------ DATA EXTRACT

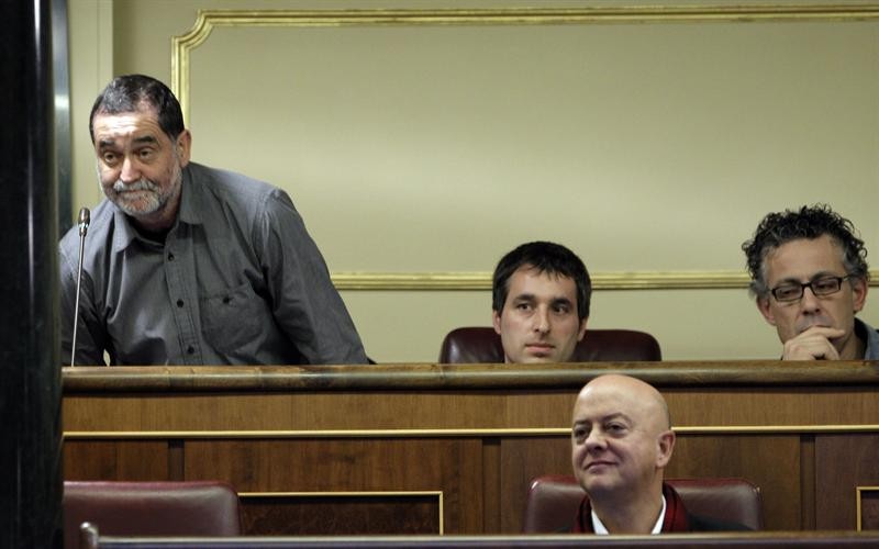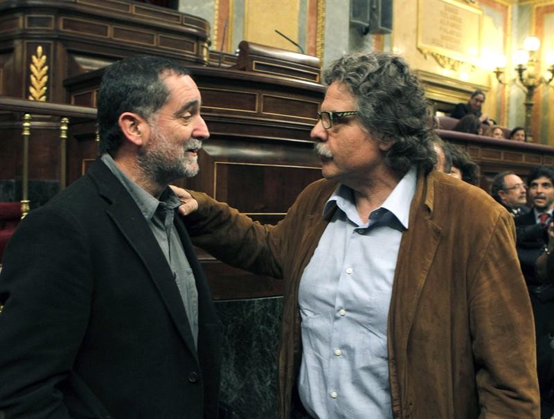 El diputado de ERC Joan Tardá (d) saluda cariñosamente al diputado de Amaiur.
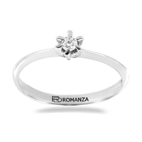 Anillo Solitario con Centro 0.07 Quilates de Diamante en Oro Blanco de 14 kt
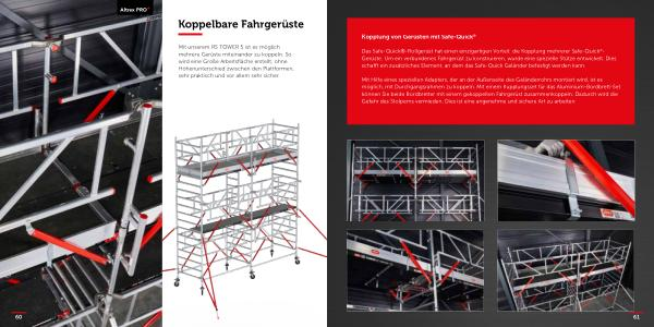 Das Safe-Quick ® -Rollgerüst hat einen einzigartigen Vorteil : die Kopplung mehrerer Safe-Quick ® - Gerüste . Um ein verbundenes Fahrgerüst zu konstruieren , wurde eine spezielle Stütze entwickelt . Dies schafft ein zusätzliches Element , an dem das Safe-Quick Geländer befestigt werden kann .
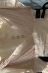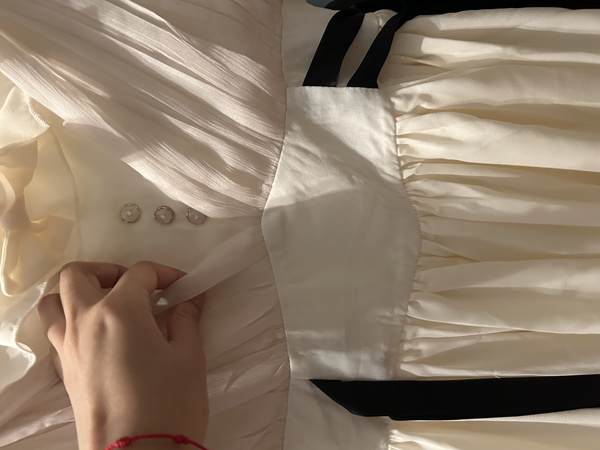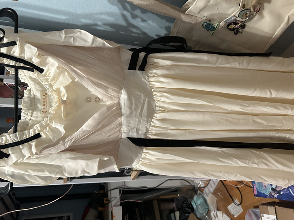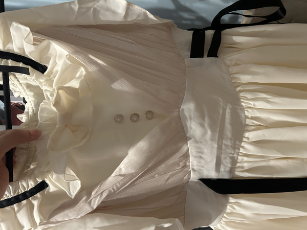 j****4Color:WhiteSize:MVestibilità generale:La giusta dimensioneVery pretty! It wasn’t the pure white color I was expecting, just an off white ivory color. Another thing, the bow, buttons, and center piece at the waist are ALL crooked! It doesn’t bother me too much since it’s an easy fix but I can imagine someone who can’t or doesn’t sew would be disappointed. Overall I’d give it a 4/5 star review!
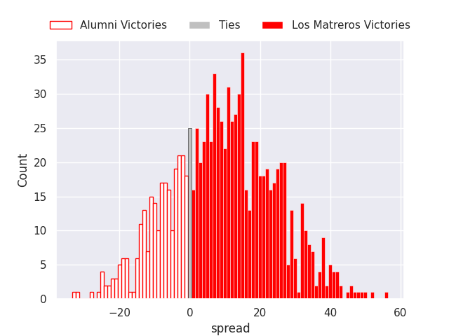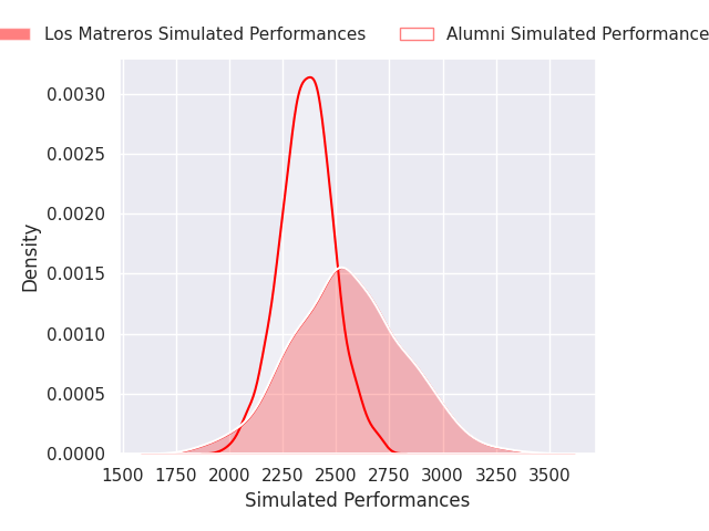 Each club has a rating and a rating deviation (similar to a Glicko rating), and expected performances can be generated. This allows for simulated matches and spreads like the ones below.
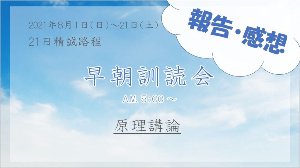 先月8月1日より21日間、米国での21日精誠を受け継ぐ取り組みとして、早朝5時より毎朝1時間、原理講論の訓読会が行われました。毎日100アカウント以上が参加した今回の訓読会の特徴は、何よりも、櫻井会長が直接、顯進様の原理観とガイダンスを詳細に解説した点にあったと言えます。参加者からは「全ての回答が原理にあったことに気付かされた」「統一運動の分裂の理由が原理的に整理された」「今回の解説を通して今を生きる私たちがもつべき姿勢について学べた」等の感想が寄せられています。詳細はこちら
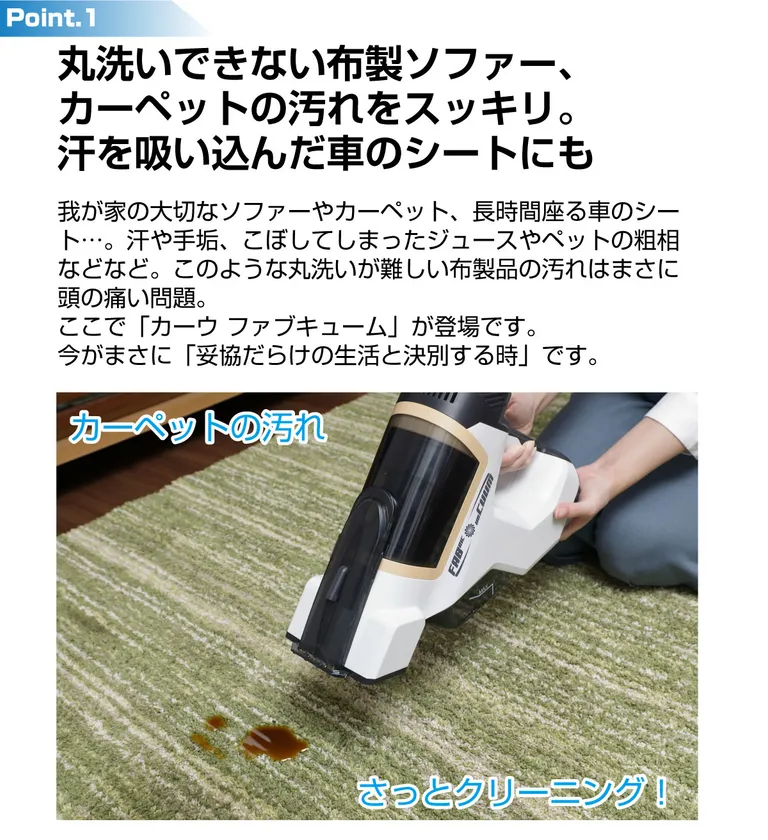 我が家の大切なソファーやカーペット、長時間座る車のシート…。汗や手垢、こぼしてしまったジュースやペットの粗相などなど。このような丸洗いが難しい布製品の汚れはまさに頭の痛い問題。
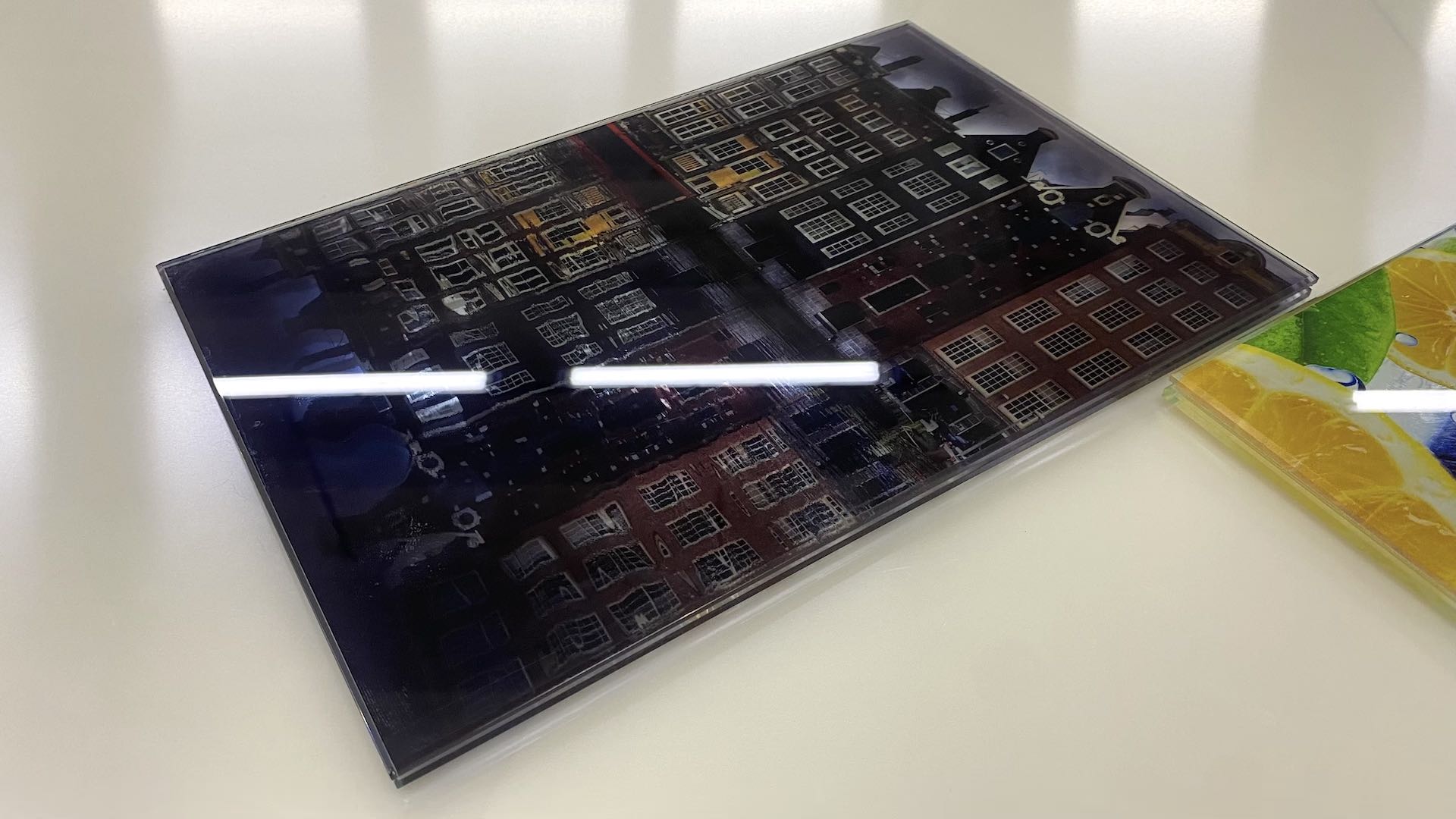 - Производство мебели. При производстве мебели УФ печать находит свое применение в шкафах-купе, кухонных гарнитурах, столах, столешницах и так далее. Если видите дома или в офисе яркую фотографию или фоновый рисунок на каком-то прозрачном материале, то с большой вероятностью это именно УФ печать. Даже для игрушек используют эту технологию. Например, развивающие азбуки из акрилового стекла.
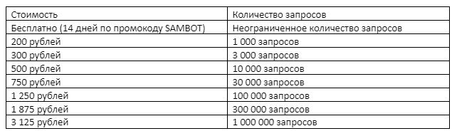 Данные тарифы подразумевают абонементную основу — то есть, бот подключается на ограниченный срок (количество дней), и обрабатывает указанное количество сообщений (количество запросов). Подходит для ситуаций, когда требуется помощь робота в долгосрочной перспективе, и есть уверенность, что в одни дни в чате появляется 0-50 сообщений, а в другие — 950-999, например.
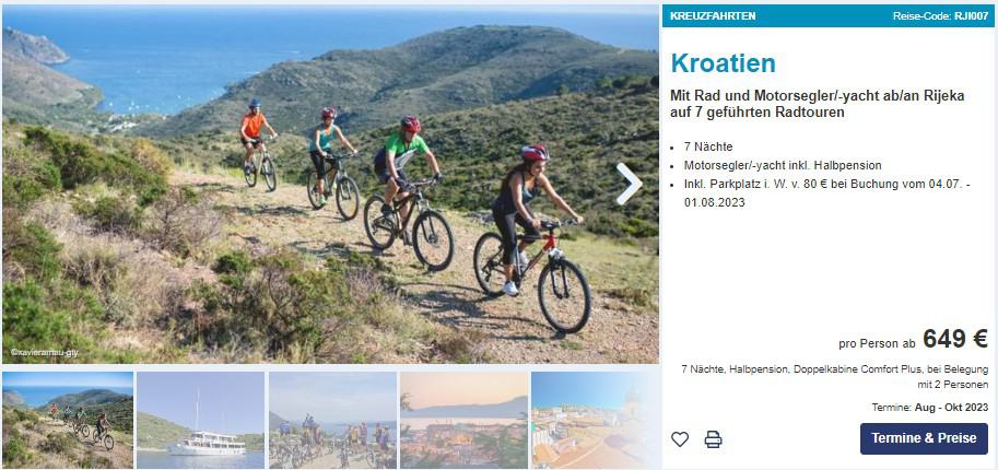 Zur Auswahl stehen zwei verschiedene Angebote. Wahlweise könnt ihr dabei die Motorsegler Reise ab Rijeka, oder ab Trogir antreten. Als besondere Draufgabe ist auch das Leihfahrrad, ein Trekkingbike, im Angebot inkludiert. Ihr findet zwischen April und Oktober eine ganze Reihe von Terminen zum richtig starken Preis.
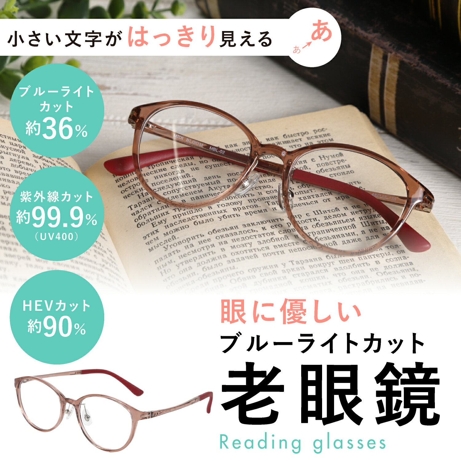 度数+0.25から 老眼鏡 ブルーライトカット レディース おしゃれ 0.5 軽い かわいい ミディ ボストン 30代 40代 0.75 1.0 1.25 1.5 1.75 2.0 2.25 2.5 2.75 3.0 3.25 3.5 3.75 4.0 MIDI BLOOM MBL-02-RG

------------

WHAT TO DO: Each line from the start of the entries above through the line with "j****4Color:WhiteSize:MVestibilità generale:La giusta" should be duplicated exactly, leaving out the pictures.

SOLUTION BELOW:
 El diputado de ERC Joan Tardá (d) saluda cariñosamente al diputado de Amaiur.
 Anillo Solitario con Centro 0.07 Quilates de Diamante en Oro Blanco de 14 kt
 Das Safe-Quick ® -Rollgerüst hat einen einzigartigen Vorteil : die Kopplung mehrerer Safe-Quick ® - Gerüste . Um ein verbundenes Fahrgerüst zu konstruieren , wurde eine spezielle Stütze entwickelt . Dies schafft ein zusätzliches Element , an dem das Safe-Quick Geländer befestigt werden kann .
 j****4Color:WhiteSize:MVestibilità generale:La giusta dimensioneVery pretty! It wasn’t the pure white color I was expecting, just an off white ivory color. Another thing, the bow, buttons, and center piece at the waist are ALL crooked! It doesn’t bother me too much since it’s an easy fix but I can imagine someone who can’t or doesn’t sew would be disappointed. Overall I’d give it a 4/5 star review!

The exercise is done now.